→ **EXERCISE DATA**
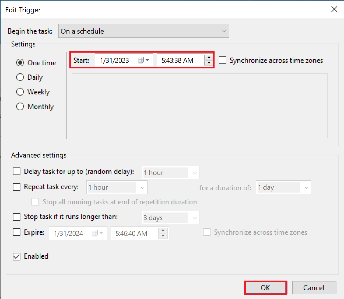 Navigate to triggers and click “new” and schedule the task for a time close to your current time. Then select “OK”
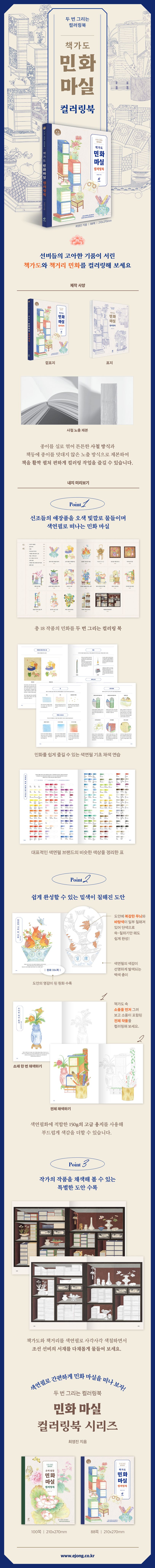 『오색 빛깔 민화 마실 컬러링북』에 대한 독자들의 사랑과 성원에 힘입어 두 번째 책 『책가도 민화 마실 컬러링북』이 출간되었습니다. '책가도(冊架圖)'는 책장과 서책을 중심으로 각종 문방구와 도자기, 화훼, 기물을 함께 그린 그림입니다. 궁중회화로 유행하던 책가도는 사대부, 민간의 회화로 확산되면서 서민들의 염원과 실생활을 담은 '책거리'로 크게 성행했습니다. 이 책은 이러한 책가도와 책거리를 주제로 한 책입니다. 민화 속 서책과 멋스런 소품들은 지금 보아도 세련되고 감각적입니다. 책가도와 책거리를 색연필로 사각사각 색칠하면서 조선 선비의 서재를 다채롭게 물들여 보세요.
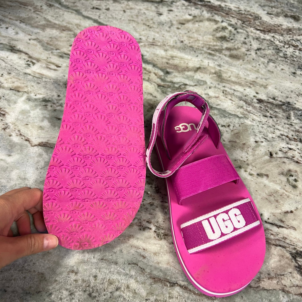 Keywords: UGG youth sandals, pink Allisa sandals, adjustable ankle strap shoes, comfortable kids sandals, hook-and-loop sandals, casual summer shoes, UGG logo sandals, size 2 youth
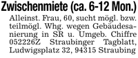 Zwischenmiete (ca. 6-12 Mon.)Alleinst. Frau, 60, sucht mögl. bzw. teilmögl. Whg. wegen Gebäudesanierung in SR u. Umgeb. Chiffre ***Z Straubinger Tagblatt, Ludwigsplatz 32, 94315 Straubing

→ **PROBLEM TO SOLVE**
Your response must consist of the lines from the beginning of the data through the line containing "Keywords: UGG youth", transcribed exactly, with no pictures.

→ **WRITTEN ANSWER**
 Navigate to triggers and click “new” and schedule the task for a time close to your current time. Then select “OK”
 『오색 빛깔 민화 마실 컬러링북』에 대한 독자들의 사랑과 성원에 힘입어 두 번째 책 『책가도 민화 마실 컬러링북』이 출간되었습니다. '책가도(冊架圖)'는 책장과 서책을 중심으로 각종 문방구와 도자기, 화훼, 기물을 함께 그린 그림입니다. 궁중회화로 유행하던 책가도는 사대부, 민간의 회화로 확산되면서 서민들의 염원과 실생활을 담은 '책거리'로 크게 성행했습니다. 이 책은 이러한 책가도와 책거리를 주제로 한 책입니다. 민화 속 서책과 멋스런 소품들은 지금 보아도 세련되고 감각적입니다. 책가도와 책거리를 색연필로 사각사각 색칠하면서 조선 선비의 서재를 다채롭게 물들여 보세요.
 Keywords: UGG youth sandals, pink Allisa sandals, adjustable ankle strap shoes, comfortable kids sandals, hook-and-loop sandals, casual summer shoes, UGG logo sandals, size 2 youth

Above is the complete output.